Records from a dataset
• • • • • • •
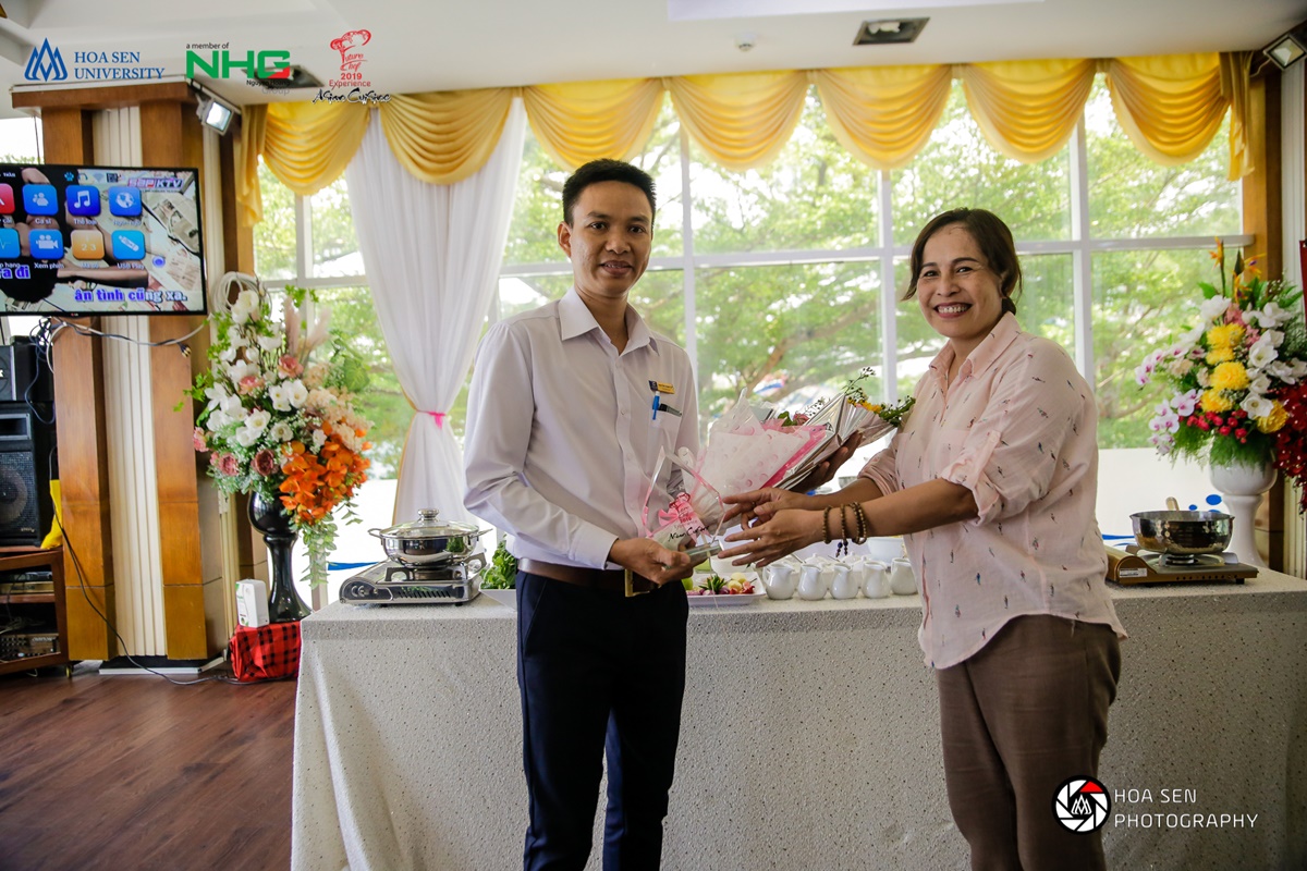 Cô Đỗ Thị Kim Quyên – Trưởng BTC, Giảng viên Trường ĐH Hoa Sen, thành viên Trung tâm Bảo tồn và Phát triển ẩm thực Việt tặng hoa và kỷ niệm chương cảm ơn anh Trung Dân – Đại diện Nhà Hàng Gành Hào 2.
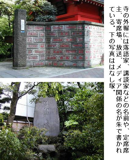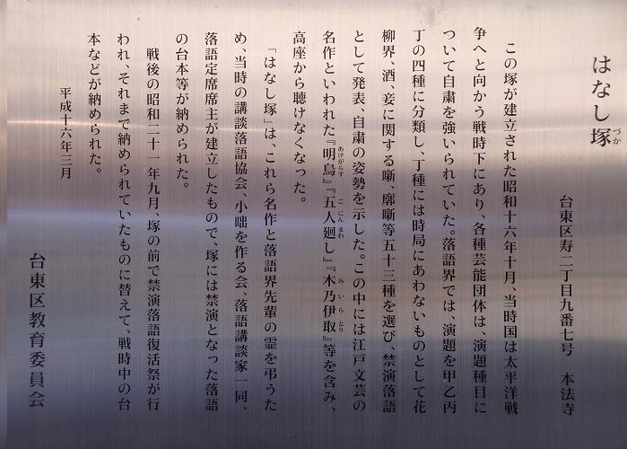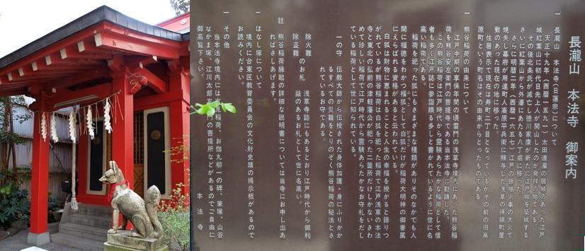 長瀧山 本法寺は、天正十九年(1591)太田道灌の居城のあった江戸城紅葉山に初代日先上人が開山したのが創建であるという。その後、北条氏が滅亡し徳川家康が新たに江戸城を築城した際に紅葉山から外壕にあたる八丁堀に移った。さらに明暦3(1657年)江戸の振袖火事の大火で焼失し、幕府が茶碗用達人、高原平兵衛に賜与した浅草の拝領町屋敷のあった現在の地に移った。住居表示で現在は寿二丁目となっているが、その前の旧高原町という町名はその由来からとったものであるという。江戸中期の享保年間の頃、雷門の浅草寺境内にあった熊谷稲荷を熊谷安左衛門の菩提寺である本法寺に勧請した。この熊谷稲荷は江戸時代から霊験あらたかな稲荷社として信者も多く、江戸誌にも参詣頗(すこぶ)る多しと書かれているように名高い稲荷である。稲荷を祀った狐にも様々な種類があるが、なかでも福徳を授ける福狐(ふっこ)として白狐(びゃっこ)だけが稲荷大明神に選ばれる資格があるといわれている。熊谷稲荷は白狐を祀った稲荷でここ本法寺と弘前津軽藩公が祀った二個所しかない、極めて珍しい稲荷であるという。境内にははなし塚もあった。
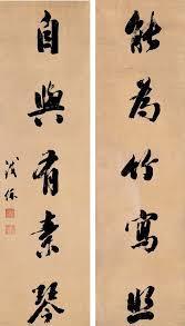書法早年曾學“館閣體”,後學顏真卿,取法其厚重,糾正“館閣體”帶來的板滯之病。
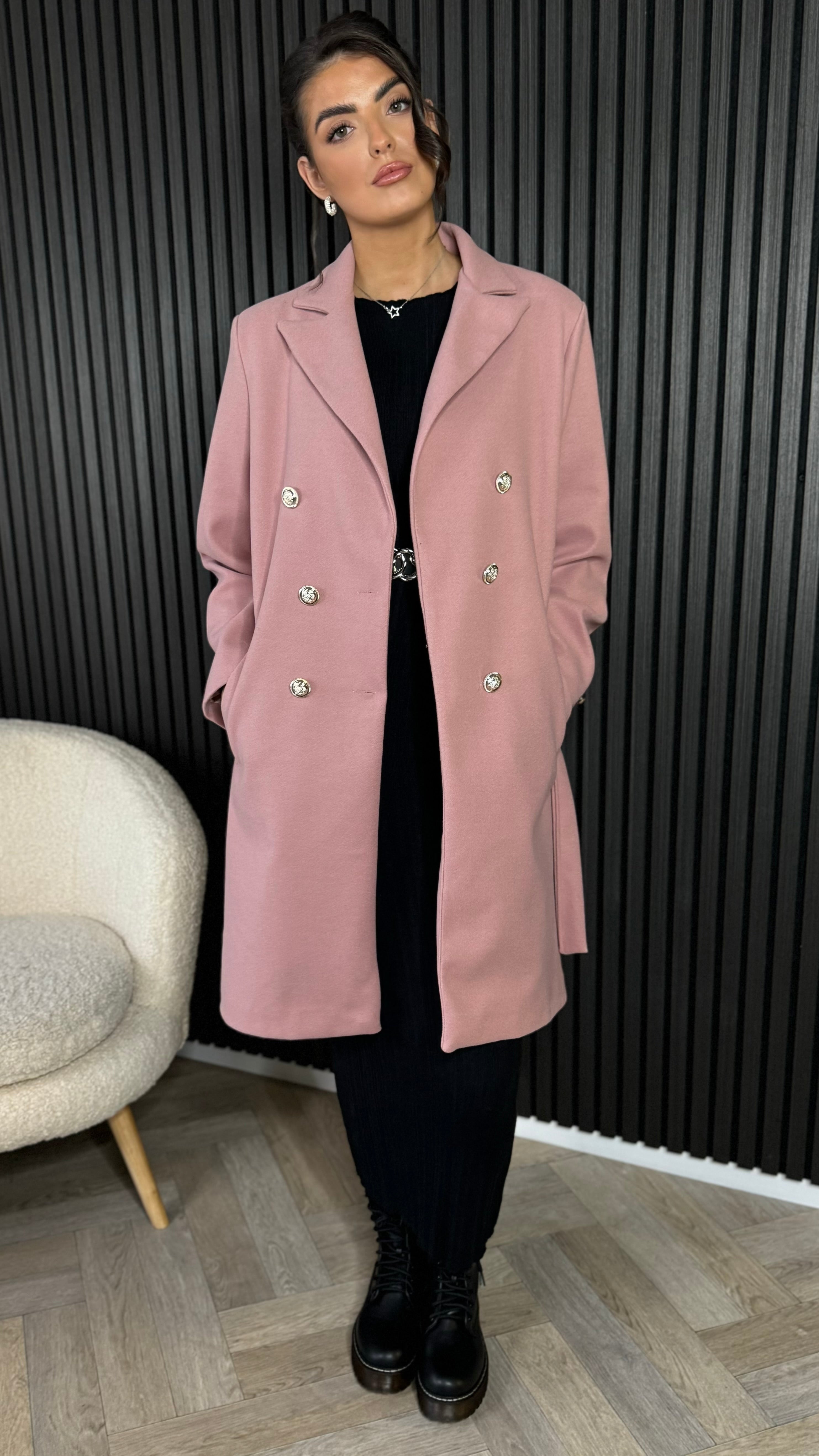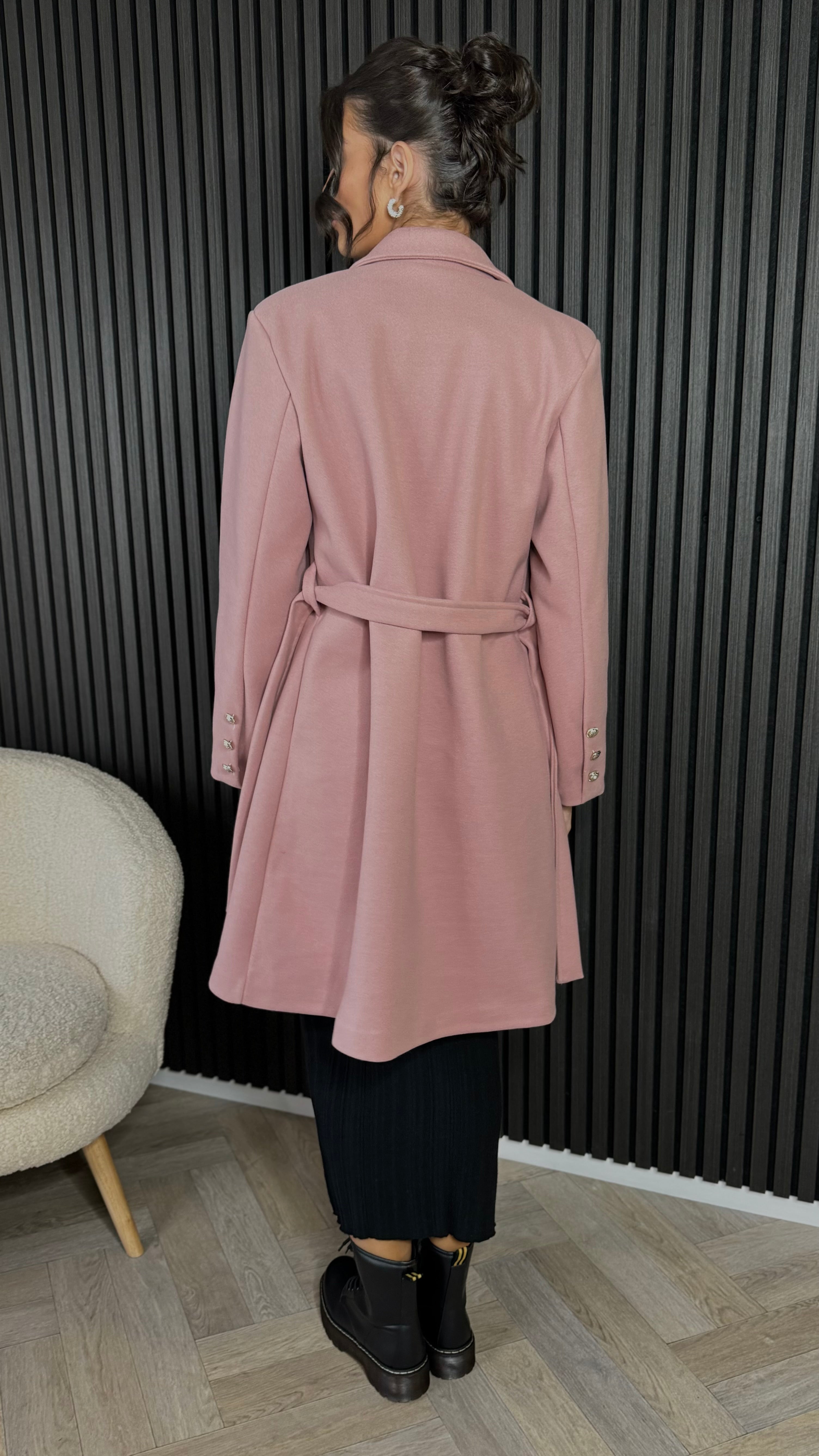 Bonne Rose Pink Belted Midi Coat
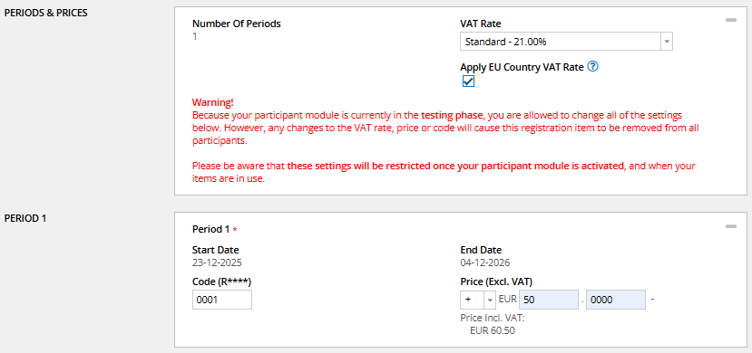 Fill out all details, code (R****), price (excl vat). The start date and end date of the registration events are filled in automatically.
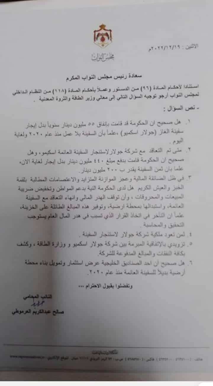 وجه النائب صالح العرموطي سؤالا نيابيًا الى وزير الطاقة والثروة المعدنية صالح الخرابشة حول القيمة المالية التي قامت الحكومة بانفاقها كبدل ايجار سنوي لسفينة الغاز "جولار اسكميو" المتوقفة عن العمل منذ عام 2020 وحتى الآن.
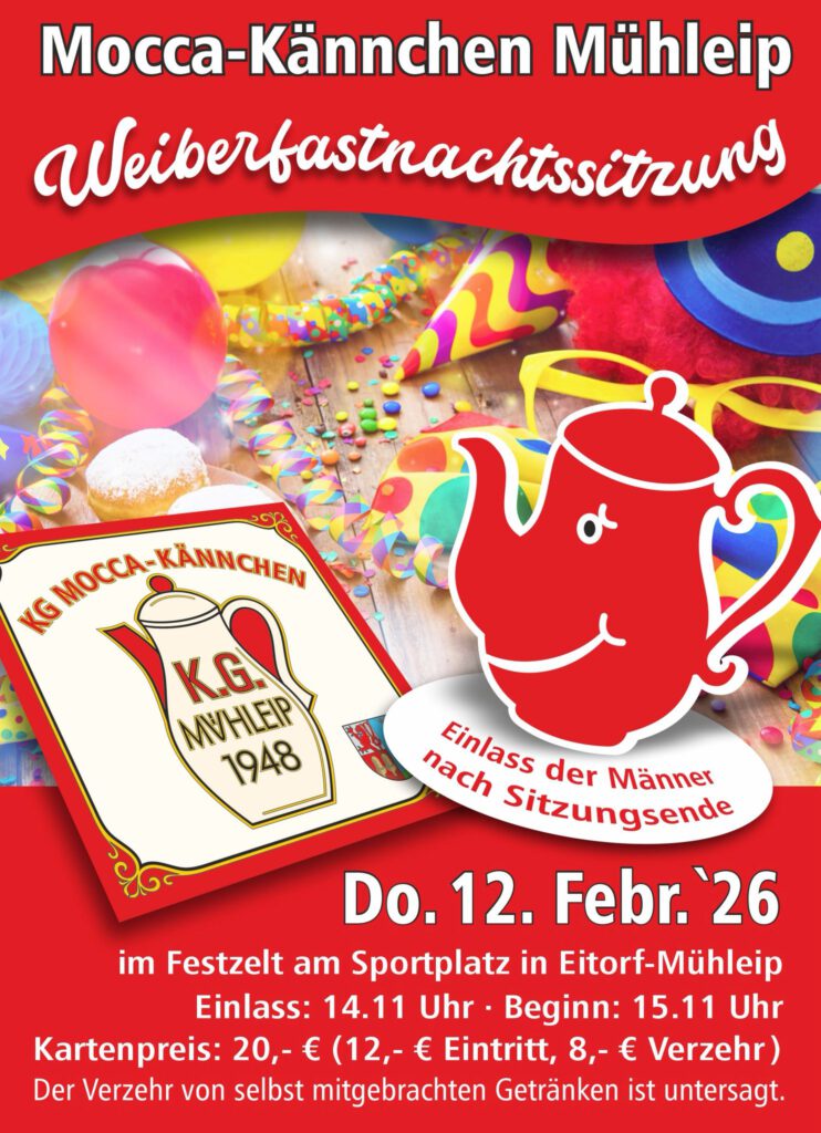 Liebe Freundinnen und Freunde des Mühleiper Karnevals,es ist bald wieder so weit! Der Kartenvorverkauf für unsere beliebten Mocca-Kännchen-Veranstaltungen startet wie gewohnt am 11. November 2025 um 19:11 Uhr. Auch im kommenden […]
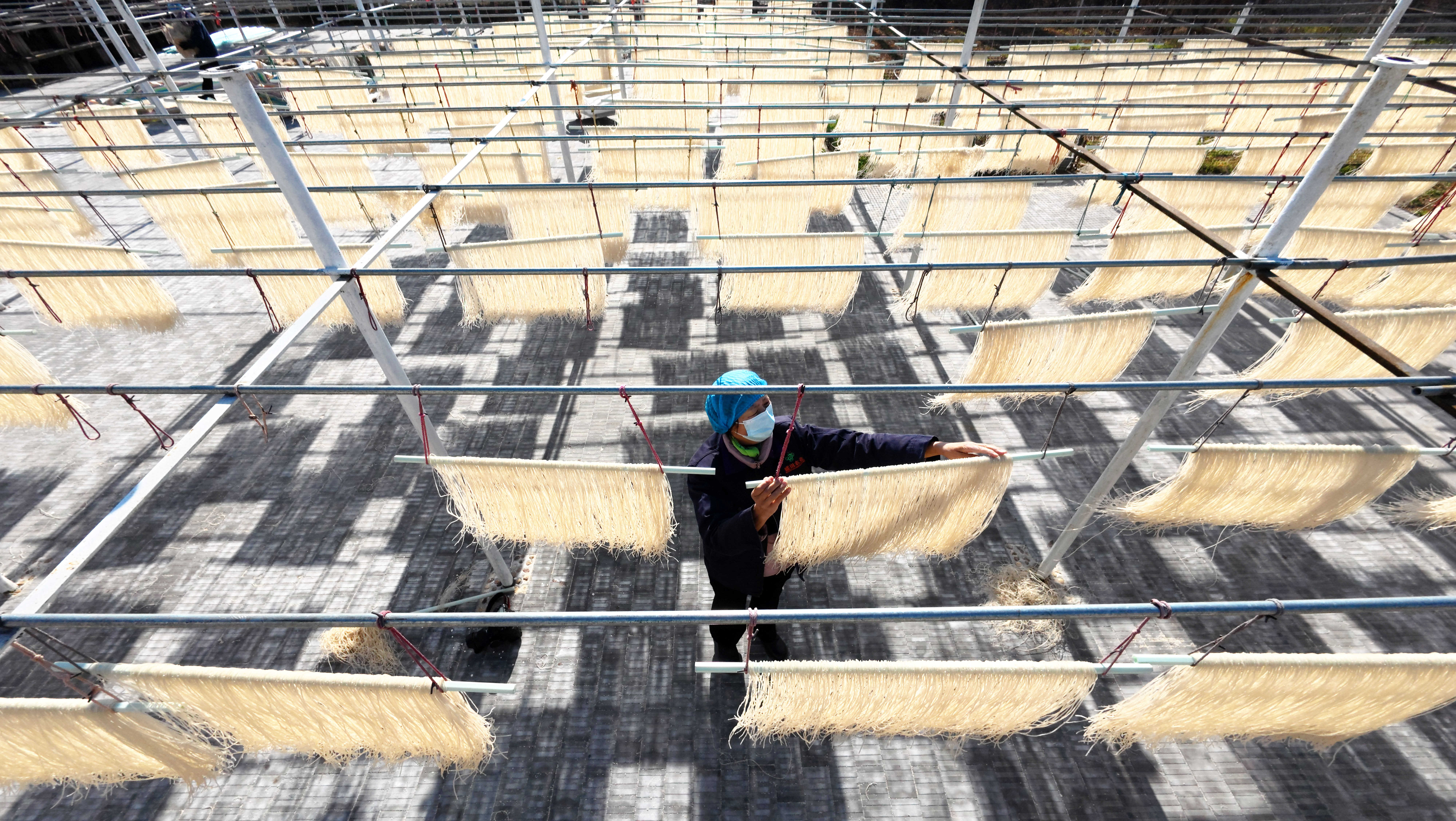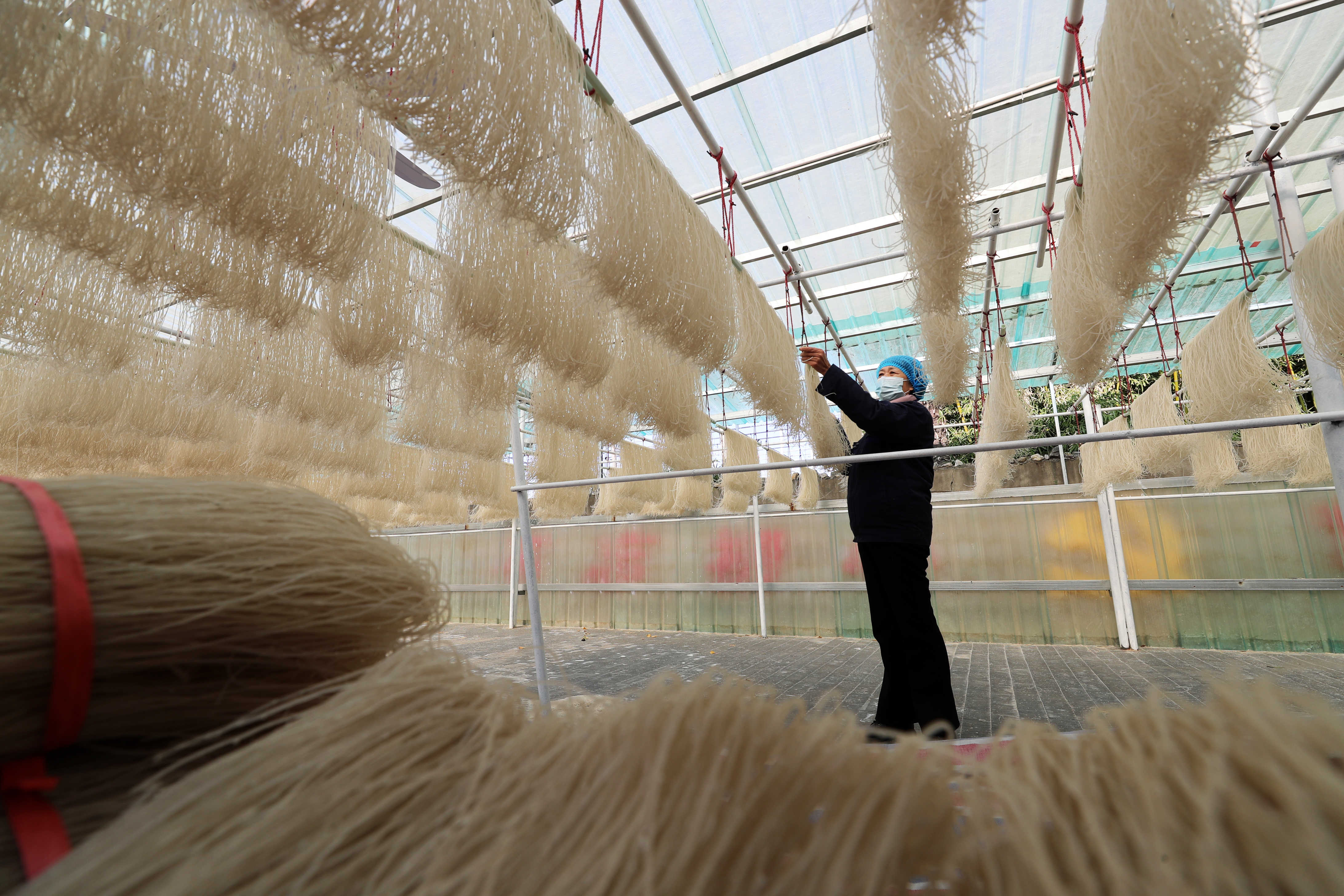 村民在位于禹州市朱阁镇北郝庄村的河南省盛田农业有限公司晾晒红薯粉条。
• • • • • • •
▸ **TRY IT**:
Reproduce the entries above word for word. Pictures stay out.

▸ **RESULT FOR THIS TASK**:
 Cô Đỗ Thị Kim Quyên – Trưởng BTC, Giảng viên Trường ĐH Hoa Sen, thành viên Trung tâm Bảo tồn và Phát triển ẩm thực Việt tặng hoa và kỷ niệm chương cảm ơn anh Trung Dân – Đại diện Nhà Hàng Gành Hào 2.
 長瀧山 本法寺は、天正十九年(1591)太田道灌の居城のあった江戸城紅葉山に初代日先上人が開山したのが創建であるという。その後、北条氏が滅亡し徳川家康が新たに江戸城を築城した際に紅葉山から外壕にあたる八丁堀に移った。さらに明暦3(1657年)江戸の振袖火事の大火で焼失し、幕府が茶碗用達人、高原平兵衛に賜与した浅草の拝領町屋敷のあった現在の地に移った。住居表示で現在は寿二丁目となっているが、その前の旧高原町という町名はその由来からとったものであるという。江戸中期の享保年間の頃、雷門の浅草寺境内にあった熊谷稲荷を熊谷安左衛門の菩提寺である本法寺に勧請した。この熊谷稲荷は江戸時代から霊験あらたかな稲荷社として信者も多く、江戸誌にも参詣頗(すこぶ)る多しと書かれているように名高い稲荷である。稲荷を祀った狐にも様々な種類があるが、なかでも福徳を授ける福狐(ふっこ)として白狐(びゃっこ)だけが稲荷大明神に選ばれる資格があるといわれている。熊谷稲荷は白狐を祀った稲荷でここ本法寺と弘前津軽藩公が祀った二個所しかない、極めて珍しい稲荷であるという。境内にははなし塚もあった。
書法早年曾學“館閣體”,後學顏真卿,取法其厚重,糾正“館閣體”帶來的板滯之病。
 Bonne Rose Pink Belted Midi Coat
 Fill out all details, code (R****), price (excl vat). The start date and end date of the registration events are filled in automatically.
 وجه النائب صالح العرموطي سؤالا نيابيًا الى وزير الطاقة والثروة المعدنية صالح الخرابشة حول القيمة المالية التي قامت الحكومة بانفاقها كبدل ايجار سنوي لسفينة الغاز "جولار اسكميو" المتوقفة عن العمل منذ عام 2020 وحتى الآن.
 Liebe Freundinnen und Freunde des Mühleiper Karnevals,es ist bald wieder so weit! Der Kartenvorverkauf für unsere beliebten Mocca-Kännchen-Veranstaltungen startet wie gewohnt am 11. November 2025 um 19:11 Uhr. Auch im kommenden […]
 村民在位于禹州市朱阁镇北郝庄村的河南省盛田农业有限公司晾晒红薯粉条。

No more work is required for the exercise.